BEGIN Dataset records

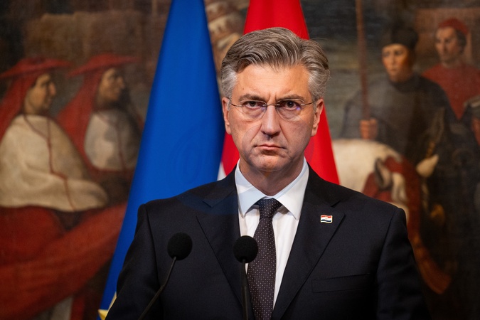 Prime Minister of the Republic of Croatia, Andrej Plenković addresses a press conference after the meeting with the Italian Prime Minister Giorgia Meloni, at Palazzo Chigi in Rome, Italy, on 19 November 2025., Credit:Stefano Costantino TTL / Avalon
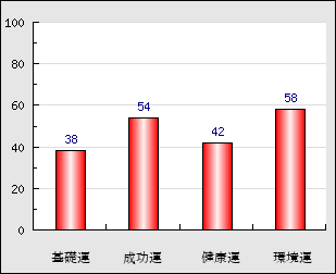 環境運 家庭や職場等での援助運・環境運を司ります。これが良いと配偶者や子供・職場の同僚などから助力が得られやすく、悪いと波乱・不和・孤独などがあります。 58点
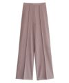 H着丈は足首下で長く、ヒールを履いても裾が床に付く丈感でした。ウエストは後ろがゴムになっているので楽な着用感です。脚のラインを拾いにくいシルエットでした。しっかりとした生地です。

END Dataset records
BEGIN Dataset records

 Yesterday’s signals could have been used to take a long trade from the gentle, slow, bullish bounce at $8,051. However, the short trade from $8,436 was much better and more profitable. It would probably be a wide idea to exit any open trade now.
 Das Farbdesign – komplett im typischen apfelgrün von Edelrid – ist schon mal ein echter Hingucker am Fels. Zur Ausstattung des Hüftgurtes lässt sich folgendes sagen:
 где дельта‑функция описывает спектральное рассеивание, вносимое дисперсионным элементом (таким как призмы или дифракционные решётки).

END Dataset records
BEGIN Dataset records

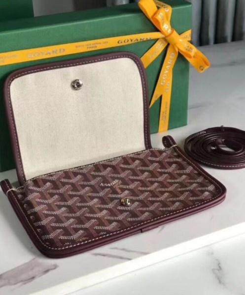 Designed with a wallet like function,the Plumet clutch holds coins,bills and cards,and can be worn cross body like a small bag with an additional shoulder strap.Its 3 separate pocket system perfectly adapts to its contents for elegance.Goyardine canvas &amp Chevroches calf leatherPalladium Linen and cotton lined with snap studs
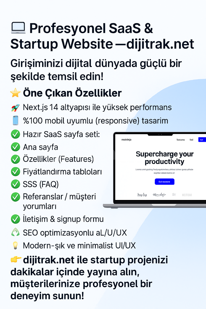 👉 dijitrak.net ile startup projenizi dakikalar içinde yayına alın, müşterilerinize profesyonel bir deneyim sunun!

END Dataset records

_Instructions for the task_
Given the records above, return the lines starting at the one that holds "Prime Minister of" and ending at the one that holds "H着丈は足首下で長く、ヒール", exactly, and nothing besides; leave every picture out.

_Response to the exercise_
 Prime Minister of the Republic of Croatia, Andrej Plenković addresses a press conference after the meeting with the Italian Prime Minister Giorgia Meloni, at Palazzo Chigi in Rome, Italy, on 19 November 2025., Credit:Stefano Costantino TTL / Avalon
 環境運 家庭や職場等での援助運・環境運を司ります。これが良いと配偶者や子供・職場の同僚などから助力が得られやすく、悪いと波乱・不和・孤独などがあります。 58点
 H着丈は足首下で長く、ヒールを履いても裾が床に付く丈感でした。ウエストは後ろがゴムになっているので楽な着用感です。脚のラインを拾いにくいシルエットでした。しっかりとした生地です。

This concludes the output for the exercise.